Legado en los huesos

Dolores Redondo (San Sebastián, 1969).

Destino, 2013. 550 Páginas. 18’50 €.

“Tenía miedo y eso no le gustaba nada. No era una necia, sabía que el miedo mantenía vivos, vigilantes y prudentes a los policías, pero el que sentía no era de esa clase que acelera el corazón cuando se detiene a alguien armado; era el otro, el miedo antiguo e íntimo, el que huele a orina y sudor, el viejo miedo en el alma que durante el último año había podido mantener a raya y que ahora reclamaba su territorio.”

Legado en los huesos comienza con Jasón Medina, uno de los detenidos por los crímenes del basajaun en El guardián invisible. Y, de entrada, esto ya supone uno de los logros de la segunda entrega de la Trilogía del Baztán, pues el personaje que enlaza ambas obras era secundario, colateral, anticipando que no estamos sólo ante un nuevo caso que se abre cronológicamente después de cerrarse el anterior, si no que se profundiza en el caso del basajaun partiendo de detalles que se creían cerrados o en los que no se había reparado, avanzando la historia, además de hacia adelante en el tiempo, hacia adentro en profundidad. Es admirable que ambos títulos se unan por tantos puentes transversales, no sólo el cronológico, y Jasón Medina es únicamente uno de ellos.

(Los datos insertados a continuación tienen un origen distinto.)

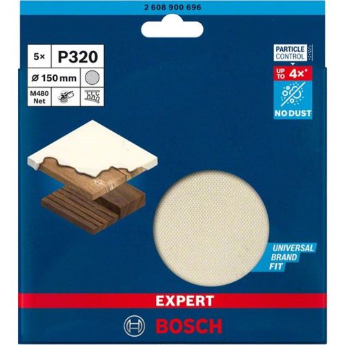 Bosch Accessories EXPERT M480 2608900696 Schleifnetz für Exzenterschleifer ungelocht Körnung num 320 (Ø) 150 mm 5 St. (2608900696)

El horror que Amaia Salazar creía haber conjurado con la resolución del caso del basajaun vuelve al valle en forma de la reactivación de los crímenes. Y con él, las pesadillas del pasado que simplemente estaban en estado de latencia vuelven a asediar a nuestra protagonista, sumiéndola en ese característico ambiente oscuro y opresivo que parece impuesto por los bosques, la humedad, la niebla y el frío de Baztán. Desde los ojos de la Amaia enajenada por sus temores, todos los detalles, hasta los más cotidianos, están envueltos por el halo de magia, misterio y mitología que la donostiarra ha sabido crear en torno al Valle. Todo adquiere tintes épicos, pues contribuye a aumentar o aligerar una atmósfera tan opresiva que parece sólo obra de dioses o héroes.

Redondo usa las mismas armas de la primera entrega. La investigación mantiene en vilo al lector a lo largo de toda la historia, que se diluye sin merma en cien páginas más respecto a la primera. Hay un cambio en la perspectiva desde la que se vive la acción, inclinada aún más hacia lo femenino, condicionado por la recién estrenada maternidad de la inspectora. Los personajes, que ya eran atractivos en la primera entrega, ahora se enriquecen y se nos presentan con más matices. Incluso los secundarios, los que no toman parte protagonista en la acción, tienen una profundidad y un calado propio. Y el marco, Elizondo, sus pedanías y su entorno, es tan nítido como siempre. Es cierto que las referencias a la ambientación pueden acabar siendo repetitivas, usándose los mismos recursos demasiadas veces, e incluso se puede discutir que algunos giros argumentales sean poco claros o algo previsibles. Detalles pequeños que en todo caso no impiden que el Baztán sea por derecho una parada insoslayable en la historia canónica del thriller español contemporáneo.